Critiques

Chat Pile

Cool World

  • The Flenser
  • 2024
  • 44 minutes
8
Le meilleur de lca

En 2022, pendant mes vacances d’été au bord de la plage, je découvrais (sûrement en même temps que bien du monde, à moins que ce ne soit juste moi qui étais en retard) le groupe de rock et sludge métal Chat Pile avec l’album God’s Country. J’avais été captivée par leur brutalité, leurs paroles incisives et leurs scénarios horrifiques (ne vous laissez pas berner par un titre comme grimace_smoking_weed.jpeg, ce morceau est TERRIFIANT). Après un premier opus aussi marquant, une question se posait déjà sur toutes les lèvres : comment allaient-ils pouvoir se surpasser ensuite?

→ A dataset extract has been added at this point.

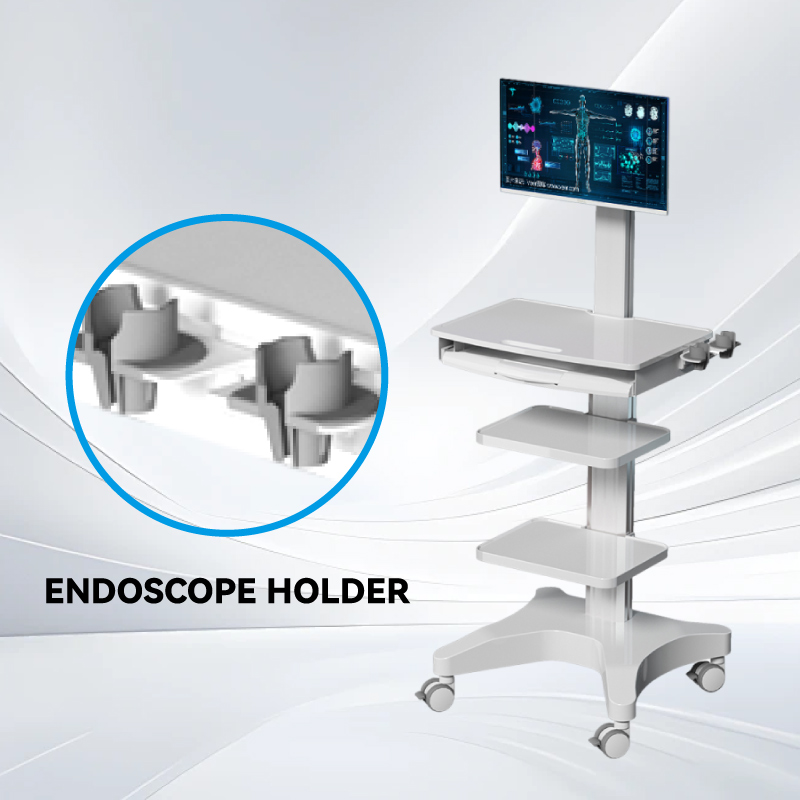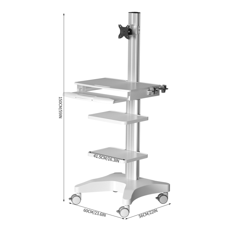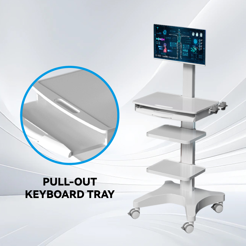 تتميز هذه العربة الطبية بعمود قابل لتعديل الارتفاع، يدعم شاشة رقمية لمراقبة بيانات المرضى بشكل فوري. يتضمن تصميمها الانسيابي لوحة مفاتيح منزلقة وقاعدة متحركة متينة مزودة بعجلات قابلة للقفل لتسهيل التنقل السريري.

Qu’avaient-ils en réserve pour nous?

Nous voici maintenant avec leur nouvel opus, Cool World. Et je vous préviens tout de suite : NON, le titre ne correspond pas tout à fait à l’ambiance générale de cet album, et grand bien, cela me fait. La première piste et également premier simple, I Am Dog Now, lance les hostilités (littéralement). C’est violent, c’est nihiliste, c’est cynique, bref, c’est tout ce qui fait de Chat Pile ce groupe si puissant et engagé. En revanche, dès la deuxième piste, le groupe se révèle avoir plus d’un tour dans son sac. Shame se veut être un morceau étonnamment mélodieux, mais avec des détails à faire froid dans le dos. En entendant la voix gutturale de Raygun Busch, principale vocaliste du groupe, et l’outro constituée de bruit blanc, nous réalisons que tout au long de notre écoute, l’horreur ne sera jamais vraiment derrière nous. Au contraire, elle nous suivra partout où nous tendons l’oreille.

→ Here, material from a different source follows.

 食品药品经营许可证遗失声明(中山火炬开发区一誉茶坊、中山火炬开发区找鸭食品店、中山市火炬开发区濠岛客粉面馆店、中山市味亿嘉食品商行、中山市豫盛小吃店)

Au fur et à mesure que l’album se développe, mon premier véritable constat s’avère être le suivant : les guitares sont hallucinantes. Chaque riff, cadeau du guitariste Luther Manhole, rugit avec ferveur et a son propre caractère, injectant une dose de mysticisme dans chaque morceau. Masc, par exemple, laisse beaucoup de place à ces guitares électriques lourdes, bruyantes et visqueuses ne laissant personne indifférent. De plus, le groupe semble perfectionner l’art de la mélodie insidieuse. Si les performances de God’s Country pouvaient faire penser à un kraken redoutable engloutissant en une bouchée un navire égaré, Cool World, c’est un peu comme une sirène voulant amadouer un marin crédule avant de l’emporter avec lui dans les abysses de la mer. En effet, Busch nous livre une pluralité de voix impressionnante : il chante, crie, lamente, marmonne, gémit et livre des performances toutes aussi torturées les unes que les autres. Le morceau Tape se veut d’ailleurs particulièrement éprouvant, avec son mantra, « It was the worst I ever saw », complètement dépourvu d’espoir.

Dans le même acabit, The New World nous plonge dans les pensées d’un homme impuissant face à un monde qui ne correspond pas à sa vision des choses. Il nous amène à nous poser la question : sommes-nous condamnés à souffrir dans ce monde, hors de portée de nos rêves? Nous restons sans réponse, mais nous en ressortons plutôt ébranlés. La batterie effrénée de Cap’n Ron rajoute un élément d’urgence et d’oppression au morceau déjà très sombre.

On en est à se demander si nous arriverons à trouver la lumière au bout du tunnel, mais à l’instar de la dernière piste de God’s Country, la dernière piste, No Way Out, est l’apothéose de la souffrance du protagoniste. Ici, il semble crier face à un tunnel qui va inévitablement se refermer devant lui, ne lui offrant aucune issue de secours. Il exprime sa désillusion totale face à ce monde cruel qui lui a été vendu comme étant beau; comme étant l’incarnation du rêve américain. Ce n’est pas pour rien que l’élément se démarquant le plus de la pochette grise et morose de l’album est une simple croix blanche, symbole religieux américain versant dans le délétère, dans un pays où l’espoir d’un avenir meilleur s’estompe d’année en année.

To be lost, to be whole, to be bought, to be sold
To losе hope, to lose God, to find hate, to find law
Most are dragged kicking and screaming out
The New World

Bref, ça fait beaucoup à encaisser. Ce qui est clair, c’est que si vous cherchiez un album horrifique à pic pour le mois d’Halloween, pas de problème : Chat Pile est là pour vous.